The Christianisation of Bohemia and Moravia

Moleiro_banner

 
 Bohemia_and_MoraviaThe Christianisation of Bohemia and Moravia

By Petr Sommer, Dušan Třeštík, Josef Žemlička and Eva Doležalová

Annual of Medieval Studies at CEU, Vol.13 (2007)

Introduction: The territory of what is now Czech Republic consists of essentially two lands, Bohemia and Moravia. Moravia was appended to the domains of the Bohemian princes shortly after 935, and definitively after 1020, but previously the two lands were independent units. It is therefore necessary to treat the Christianisation of Moravia and Bohemia as two separate chapters, even though there were intensive mutual influences between the two lands.

In the pagan era up to the ninth century the situation in Bohemia (and perhaps also in Moravia and among the Western Slavs as a whole) was characterised by a certain division of power between the people and the princes. Fundamentally, the princes were elected, and thus deposable. The Slavic princes were at first under the cultural influence of the Avar empire, then gradually came into contact with the Frankish aristocracy, which was already Christian. The Slavic princes started to be attracted by the culture of Christianity, but this culture was not yet acceptable for their people. Some princes could therefore, at the most, accept Christianity as a “private” religion. This was the first stage of Christianisation, documented more in Moravia than in Bohemia.

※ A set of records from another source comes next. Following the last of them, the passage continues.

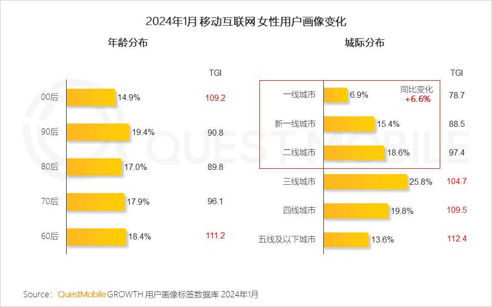 QuestMobile数据显示,过去一年来,女性群体在移动互联网中的占比持续提高至49.5%,截止到2024年1月,女性用户月活规模达6.08亿,同比增长1.9%,这其中,90后占比最高,达19.4%,二线及以上城市用户同比增长了6.6%。
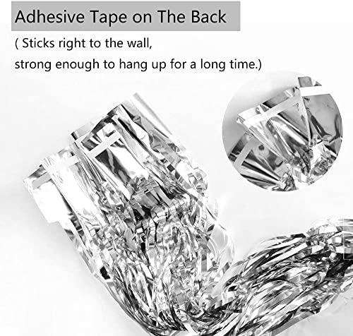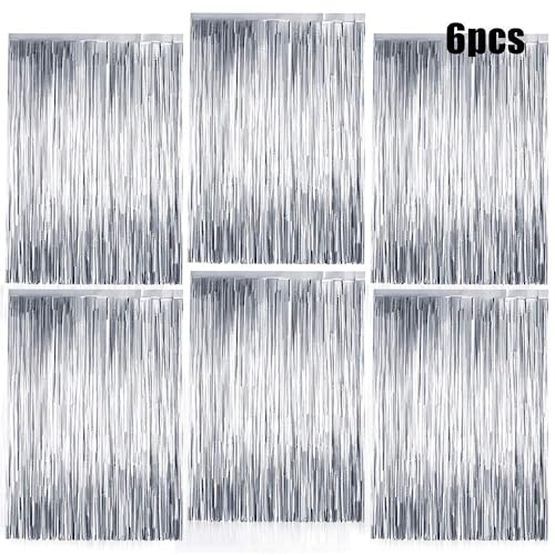 O-Kinee Tende Metalliche Tinsel Argento,Foil Tenda Compleanno Scintillante,6pz Tende Frangia sullo Sfondo,Shimmer Orpelli,Orpello Lamina Frange,Foil Tenda Metallici Feste Festoni(1m*2m)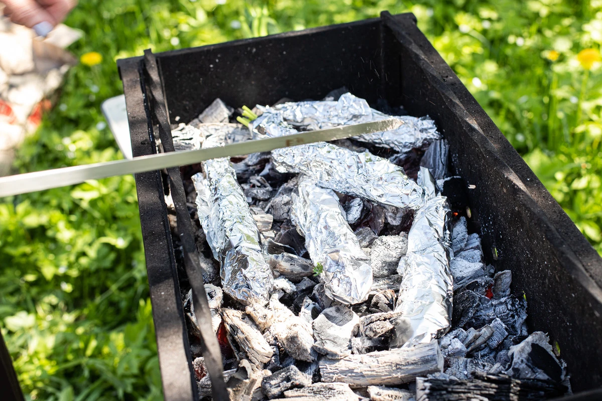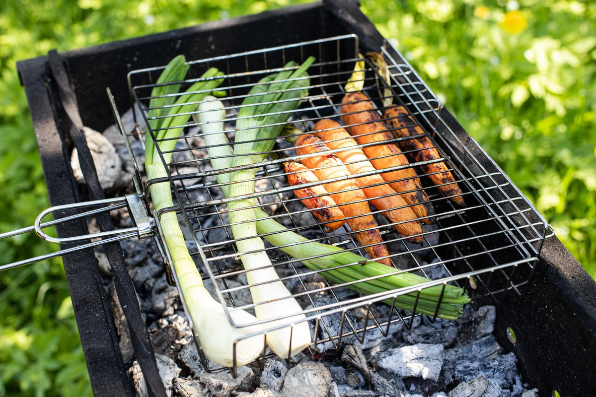 Запеките морковь над углями на решётке до мягкости, это займёт около 15 минут.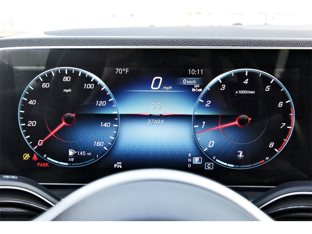 perature control, Brake assist, Bumpers: body-color, Compass, Delay-off headlights, Driver door bin, Driver vanity mirror, Dual front impact airbags, Dual front side impact airbags, Electronic Stability Control, Emergency communication system: eCall Emergency System, Exterior Parking Camera Rear, Four wheel independent suspension, Front anti-roll bar, Front Bucket Seats, Front Center Armrest, Front dual zone A/C, Front reading lights, Fully automatic headlights, Garage door transmitter: HomeLink, Genuine wood console insert, Genuine wood dashboard insert, Genuine wood door panel insert, Heated door mirrors, Heated front seats, Heated Power Front Seats w/Driver Memory, Illuminated entry, Knee airbag, Leather steering wheel, Low tire pressure warning, MB-Tex Upholstery, Memory seat, Navigation system: MBUX, Occupant sensing airbag, Outside temperature display, Overhead airbag, Panic alarm, Passenger door bin, Passenger vanity mirror, Power adjustable front head restraints, Power door mirrors, Power driver seat, Power Liftgate, Power moonroof, Power passenger seat, Power steering, Power windows, Premium audio system: MBUX, Radio data system, Radio: 12.3" Media Display w/Touchscreen, Rain sensing wipers, Rear anti-roll bar, Rear fog lights, Rear reading lights, Rear seat center armrest, Rear window defroster, Rear window wiper, Remote keyless entry, Security system, Speed control, Speed-sensing steering, Speed-Sensitive Wipers, Split folding rear seat, Spoiler, Steering wheel memory, Steering wheel mounted audio controls, Tachometer, Telescoping steering wheel, Tilt steering wheel, Traction control, Trip computer, Turn signal indicator mirrors, Weather band radio, and Wheels: 19" Twin 5-Spoke!!

Very little is known of Czech paganism, because of the rapid and effective Christianisation. From the later sources it may be inferred that the Czechs had the same pantheon as other Slavs. The cult relicts include, in particular, sites of pagan sacrifice, known mainly from Moravia. Two such sites have been found at Mikulčice, which was apparently the primary stronghold of the Moravians. The first site was a rectangular post enclosure with a ritual horse burial and a cemetery, in the vicinity of which various anomalies were found, such as a burial of human limbs. The enclosure was in use from the end of the eighth until at least the mid-ninth century, that is, even after the “official” conversion of Moravia. The other site of non-Christian cult at Mikulčice is defined by a ringshaped ditch in which fires used to be lit; it lies close to the buildings of Christian churches. Other pagan cult places in Moravia were found in Chotěbuz-Podbora and at Pohansko near Břeclav. The so-called “blessed pool” at Stará Kouřim was a pagan sanctuary in Bohemia. The multiple fire sites in this area bear witness to cult activities. In Prague, the most recent research has identified the existence of a sacred precinct, enclosed by a ditch, on the “acropolis” of the later castle. The rise was called Žiži, which may be related to burnt offerings. Of greater importance, however, was a stone throne which stood nearby and on which, until the end of the twelfth century, Czech princes were enthroned.